Workers with EM contractor Central Plateau Cleanup Company last month placed the first steel columns — each weighing up to 28 tons — for a protective enclosure, or cocoon, over the former K East Reactor building at the Hanford Site.
Workers with EM contractor Central Plateau Cleanup Company last month placed the first steel columns — each weighing up to 28 tons — for a protective enclosure, or cocoon, over the former K East Reactor building at the Hanford Site.

RICHLAND, Wash. – A massive steel structure is rising more than 120 feet above the semiarid landscape of southeastern Washington, with construction well underway on the protective enclosure — or cocoon — for the seventh of nine former plutonium production reactors on the Hanford Site.

EM achieved one of its key construction priorities for 2022 by beginning construction of the enclosure. The structure is designed to protect the K East Reactor building while the radioactivity in the deactivated reactor core decays over the next several decades, making it safer and easier to complete disposition of the reactor in the future.

See this time-lapse video on construction of the steel structure.

Installation of the steel frame highlights a year of tremendous progress on the project. EM Richland Operations Office (RL) contractor Central Plateau Cleanup Company (CPCCo) awarded a subcontract for the work last summer, and crews broke ground on the site last fall.

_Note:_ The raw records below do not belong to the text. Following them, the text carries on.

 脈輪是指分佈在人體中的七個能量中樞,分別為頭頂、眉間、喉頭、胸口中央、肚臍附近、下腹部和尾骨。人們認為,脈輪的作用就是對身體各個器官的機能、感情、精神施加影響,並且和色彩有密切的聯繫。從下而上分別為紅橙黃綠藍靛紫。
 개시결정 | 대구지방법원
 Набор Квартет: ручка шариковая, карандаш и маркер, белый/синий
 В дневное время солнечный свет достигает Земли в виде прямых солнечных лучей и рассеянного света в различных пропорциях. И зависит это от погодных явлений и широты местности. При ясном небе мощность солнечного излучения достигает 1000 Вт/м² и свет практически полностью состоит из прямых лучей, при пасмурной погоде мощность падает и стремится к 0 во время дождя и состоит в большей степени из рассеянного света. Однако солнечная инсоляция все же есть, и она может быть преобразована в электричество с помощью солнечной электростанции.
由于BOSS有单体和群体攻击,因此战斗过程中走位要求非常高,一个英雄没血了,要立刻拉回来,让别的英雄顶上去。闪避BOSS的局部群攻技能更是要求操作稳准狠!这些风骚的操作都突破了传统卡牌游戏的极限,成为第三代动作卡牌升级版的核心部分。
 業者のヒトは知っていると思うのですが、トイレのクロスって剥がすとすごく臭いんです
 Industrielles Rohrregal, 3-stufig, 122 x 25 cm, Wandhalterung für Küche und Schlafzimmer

Earlier this year, workers finished backfilling and compacting the area around the former reactor with approximately 34,000 cubic yards of sand and gravel to level the site before pouring a 6-foot-thick concrete foundation to support construction of the cocoon. The first steel columns for the enclosure were placed in mid-May.

“It has been impressive to watch this project take shape over the past several months,” said Mark French, RL division director for Hanford’s Central Plateau Cleanup Project and Facilities Division. “Placing another reactor in interim safe storage is a huge achievement for the Hanford Site, and certainly a key part to our cleanup mission.”

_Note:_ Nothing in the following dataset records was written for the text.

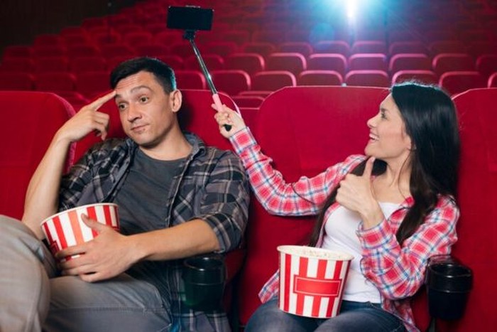 5. Berbincang dengan Suara Keras Saat Film Diputar
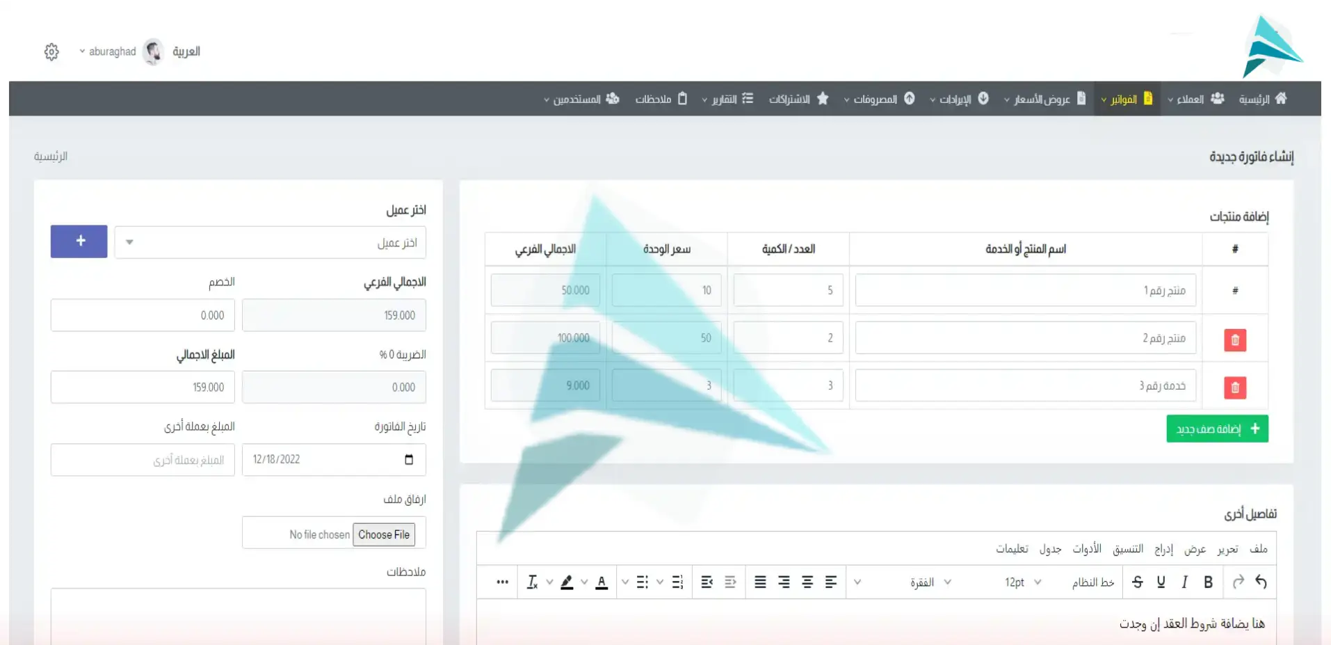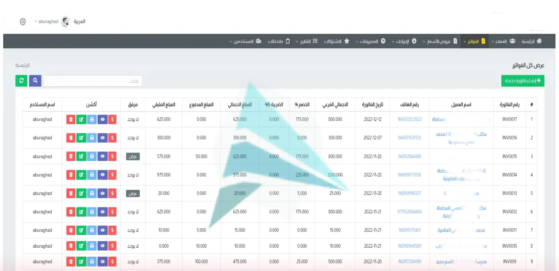 أهم خصائص ومميزات نظام إدارة العملاء والفواتير: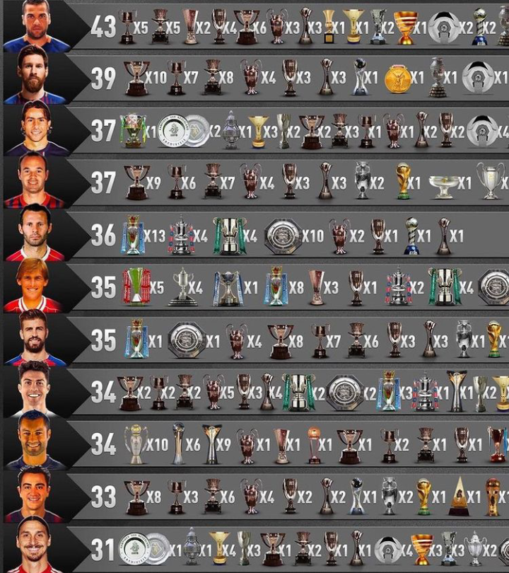 Andrés Iniesta is the 4th top player with the most trophies as he has won 37 Trophies playing for Barcelona, Vissel Kobe, and Spain.

An artist’s rendition of the K East Reactor safe-storage enclosure. K East will be the seventh former reactor at the Hanford Site to be placed in interim safe storage.
An artist’s rendition of the K East Reactor safe-storage enclosure. K East will be the seventh former reactor at the Hanford Site to be placed in interim safe storage.

The design allows for routine inspections of the reactor every five years. Additional safety features will include new lighting between the structure and the reactor building, as well as upgraded lighting inside the building.

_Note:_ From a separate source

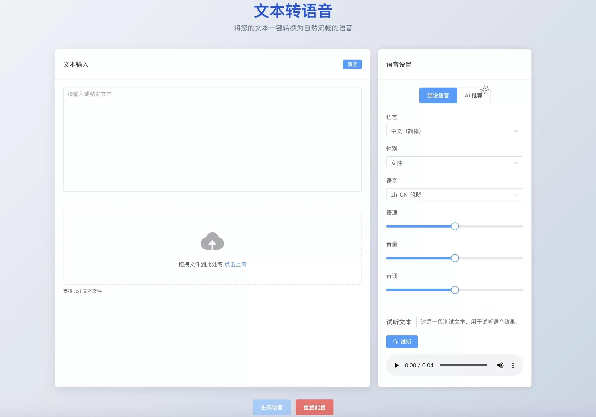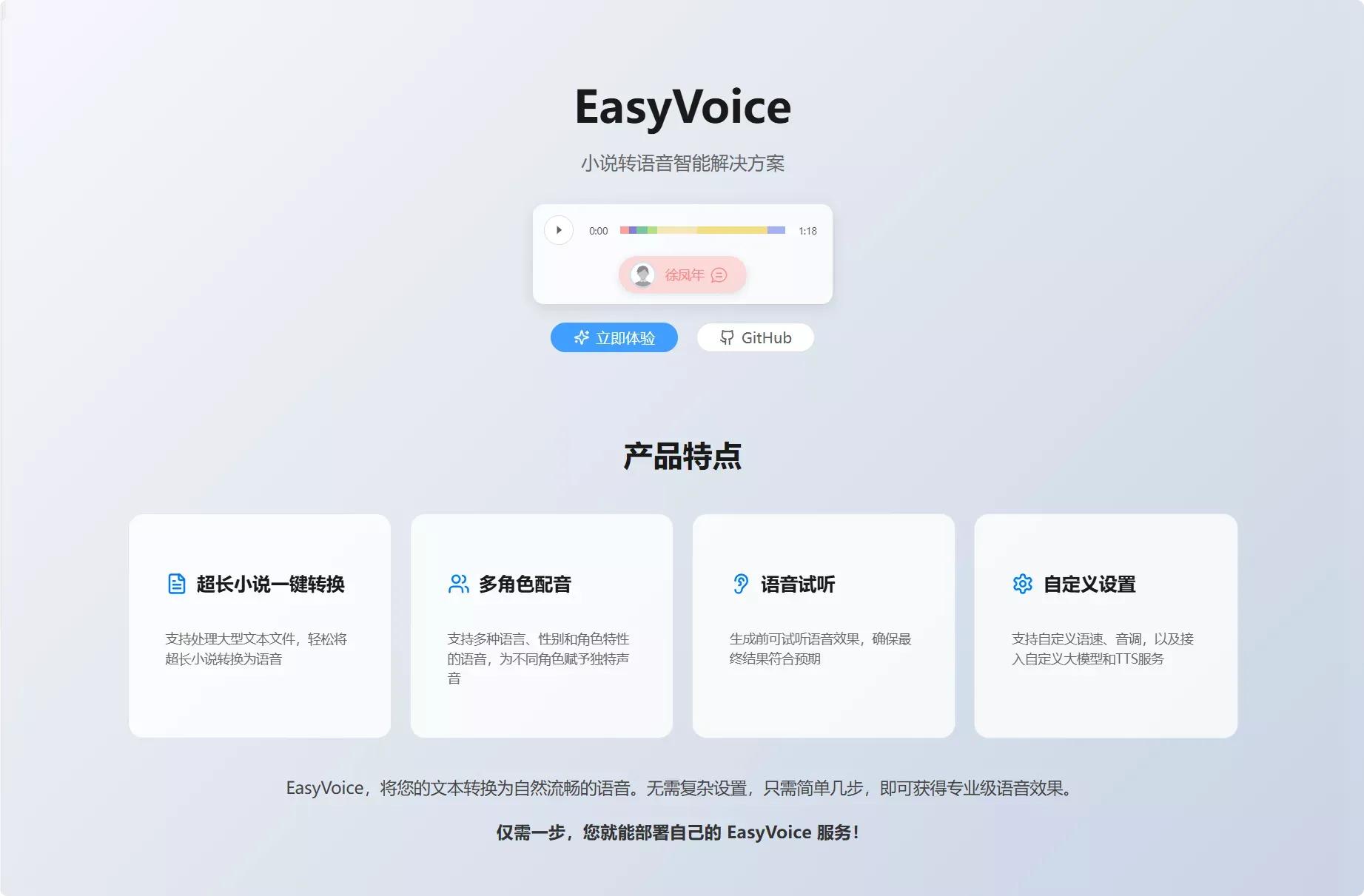 无论你是想听小说、为创作配音,还是打造个性化音频,EasyVoice 都可以帮你实现。

Construction activities will continue through the summer, with workers expected to finish the structural steel skeleton and install metal siding on the walls and roof to fully enclose the building by this fall. The completed structure will be more than 150 feet wide and 120 feet tall.

“I’m really proud of the team’s pace and performance on the K East cocoon,” said Travis Creach, CPCCo construction manager. “In less than a year, we’ve gone from a work planning document to nearly completing the steel frame while maintaining a spotless safety record. It has been an incredible project to work on.”

The K East Reactor operated from 1955 to 1971 and will be the seventh of Hanford’s nine former reactors to be placed in interim safe storage. The K West Reactor will be the eighth. The ninth, the B Reactor, has been preserved as the world’s first full-scale plutonium production reactor and is part of the National Park Service’s Manhattan Project National Historical Park. Hanford’s other six reactors were cocooned between 1998 and 2012.